Good points but as you can see these arguments just go round and round and round. If parents make a well informed decision on behalf of their children to either give them an implant or to deny them an implant, that is thier right to do so and the rest of both the hearing and deaf communities should just back off, shut up and leave them be.
Rick
 
What the hell are you talking about? Did you read the link that a 47 or so guy died from a result of receiving CI? This happened Jan 28th and he died 3 days later, this year!

That's old news???

The fact that some guy named X died "from a result of receiving CI" (I assume that means from meningitis after receiving a CI) might be new news, but the fact that there is a higher risk of meningitis in CI patients is old news.

Because the risks associated with CI surgery are old news, the new news of some guy named X dying from meningitis is not really new news - because the fact that it can happen is old news.

Get what I mean?
 
Then I don't understand what your trying to say?

Surgery that can change a person look? or make them thinner? or to hide their uglness? what does it have to do with assistance devices or CI? You think we deaf people thinking deaf is ugly and we have to hide it by having CI?

You said hip surgery is a surgery to fix hip joint reason damaged by disease and I still don't understand what the difference between surgery for childern that have their hearing damage from sickness disease when they were young?

I still don't get your point at all sorry.

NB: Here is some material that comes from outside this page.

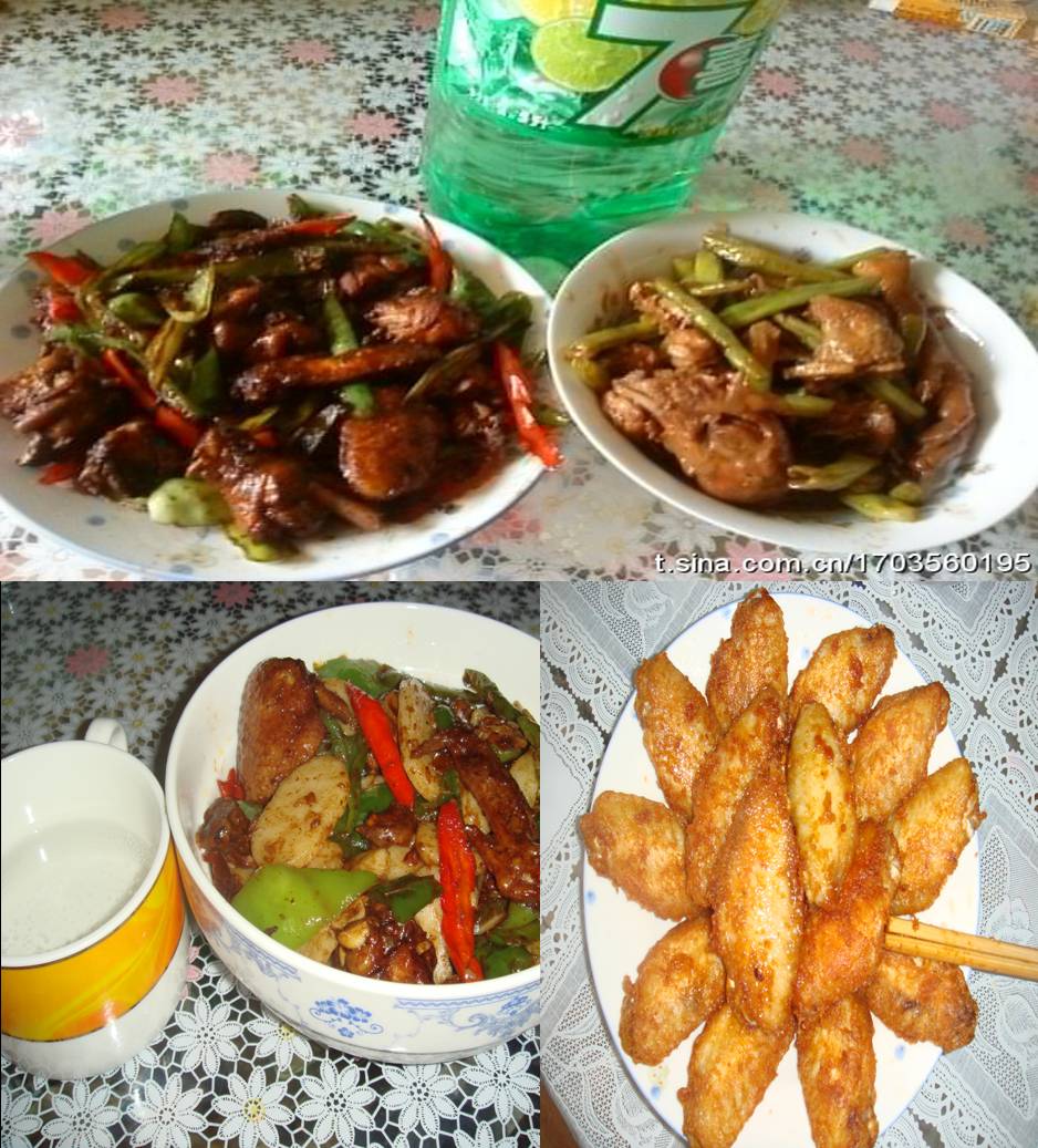 已出品:青椒炒鸡(第1天)、梅豆角烧鸡(第2天)、年糕青椒鸡(第3天)、煎炸翅中翅(第4天)

That is your professor choice because he/her is an adult but if he/she was a child and he/she became blind by reason of disease took his/her eyesight away and this new sight implant thing become common practice like CI which can restore partial sight to where it can assist him/her around the real world without using a cane then do you think his/her parents will elect to have this surgery on him/her knowing there a risk attached to it?


.


The point is that there are alternatives that allow for complete functioning without the resort of invasive surgery. Someone who has their hip damaged by disease or injury may not be able to remain mobile without the surgery. Surgery is necessary for mobility.

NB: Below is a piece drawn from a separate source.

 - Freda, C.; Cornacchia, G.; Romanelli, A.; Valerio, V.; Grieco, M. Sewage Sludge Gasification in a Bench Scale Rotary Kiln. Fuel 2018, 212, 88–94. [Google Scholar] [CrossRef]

If you think I am saying that deaf people are ugly, perhaps you should go back and reread my posts. No where have I said, or even implied that. What I did was compare one elective surgery to another elective surgery.

And yes, it is that professor's choice. That is the whole point. As a blind person, he has the right to choose how to live with his blindness. A sighted person cannot tell him the best way to do that. He is not sighted, but he in no way considers himself to be disabled by that fact. The same holds true for deafness.
 
The point is that there are alternatives that allow for complete functioning without the resort of invasive surgery. Someone who has their hip damaged by disease or injury may not be able to remain mobile without the surgery. Surgery is necessary for mobility.

If you think I am saying that deaf people are ugly, perhaps you should go back and reread my posts. No where have I said, or even implied that. What I did was compare one elective surgery to another elective surgery.

However, the alternatives for those children who are profoundly deaf and do not benefit from HAs are to either not be given any oral speech and language therapy at all or to spend their entire childhood struggling through speech and language therapy with the very real probability of not developing those skills.

Yes, we were aware of the risks and considered them in our decision. Likewise, we were aware of the probability of a child who did not benefit from either HAs or FM auditory trainers developing functional speech and oral language skills and factored that into our decision. Also, we factored into our decision the difficulty that our child would face to develop speech and oral language skills. When we weighed those factors plus others against the risks, we, as her parents, made the well informed and reasoned decision to give her the cochlear implant.

That you or others may not have come to the same decision is irrelevent as is the fact that a few, and very few indeed, deaf children similarly situated may have developed functional speech and oral language skills also irrelevent.

The unalterable fact remains that parents have the right to make these decisions on behalf of their children free from the interference of third parties, i.e., those in the Deaf community who oppose children receiving cochlear implants.
 
I know I have asked this question before but I will ask it again. For those profoundly deaf children who do not benefit from from HAs what has proven more effective in their development of oral speech and language skills then a cochlear implant?
 
However, the alternatives for those children who are profoundly deaf and do not benefit from HAs are to either not be given any oral speech and language therapy at all or to spend their entire childhood struggling through speech and language therapy with the very real probability of not developing those skills.

Yes, we were aware of the risks and considered them in our decision. Likewise, we were aware of the probability of a child who did not benefit from either HAs or FM auditory trainers developing functional speech and oral language skills and factored that into our decision. Also, we factored into our decision the difficulty that our child would face to develop speech and oral language skills. When we weighed those factors plus others against the risks, we, as her parents, made the well informed and reasoned decision to give her the cochlear implant.

That you or others may not have come to the same decision is irrelevent as is the fact that a few, and very few indeed, deaf children similarly situated may have developed functional speech and oral language skills also irrelevent.

The unalterable fact remains that parents have the right to make these decisions on behalf of their children free from the interference of third parties, i.e., those in the Deaf community who oppose children receiving cochlear implants.


Again...speech and oral skills take prededence over anything.
 
And yes, it is that professor's choice. That is the whole point. As a blind person, he has the right to choose how to live with his blindness. A sighted person cannot tell him the best way to do that. He is not sighted, but he in no way considers himself to be disabled by that fact. The same holds true for deafness.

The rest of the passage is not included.